Victoria with her daughter Flo

Disabled children in Nottingham are bouncing for joy after being offered free trampoline sessions.

From March 11th the Oliver Hind Youth Club in Sneinton has been welcoming youngsters aged between four and 12 to try out the sporting activity in a safe and inclusive environment.

The ‘Epic Bounce’ sessions are supported by local charities Footprints and Epic Partners, both provide vital funding so the service can stay open at no cost to families with disabled children.

Michaela Castillo-Williams, a project manager at Epic Partners, told BBC News trampolining can help with "fitness, flexibility, coordination and balance, along with regulating your emotions".

Victoria knows only too well about the positive impacts it can have, her daughter Flo [pictured above], who has Downs Syndrome, was one of the first children at Epic Bounce.

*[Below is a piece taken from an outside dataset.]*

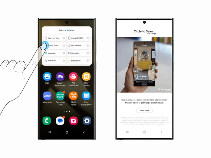 - Iskanje v Googlu z obkroževanjem: Obkrožite stvar, ki vam pade v oči, in iščite kar koli na zaslonu, ne da bi preklapljali med aplikacijami. Ko uporabniki v objavi na družabnem omrežju vidijo nekaj, kar jim je všeč, z dolgim pritiskom na gumb Domov in obkroženjem slike dobijo takojšnje in uporabne rezultate iskanja na želeno temo. Odvisno od lokacije bodo na voljo tudi rezultati, ki jih poganja umetna inteligenca.

"She absolutely loved it.” Victoria said.

"It's great to be able to be part of a group where they cater to those needs and understand those needs and she can be free to run around and have fun."

Stephen Frew, 47, charity manager at Footprints, hopes the initiative will become more tailored to the needs of the young people that are coming".

He added: "Too often when we're doing work with children with additional needs it becomes work, so the great thing about rebound is it's fun.

"It works with their emotions, their feelings, their muscles and everything at the same time in a relaxed atmosphere, as well as all the activities that we have going round that include sensory enrichment, so it covers a bit of everything in a fun way."

[ The trampoline was invented by George Nissan in 1936 to catch trapeze artists in the circus. ]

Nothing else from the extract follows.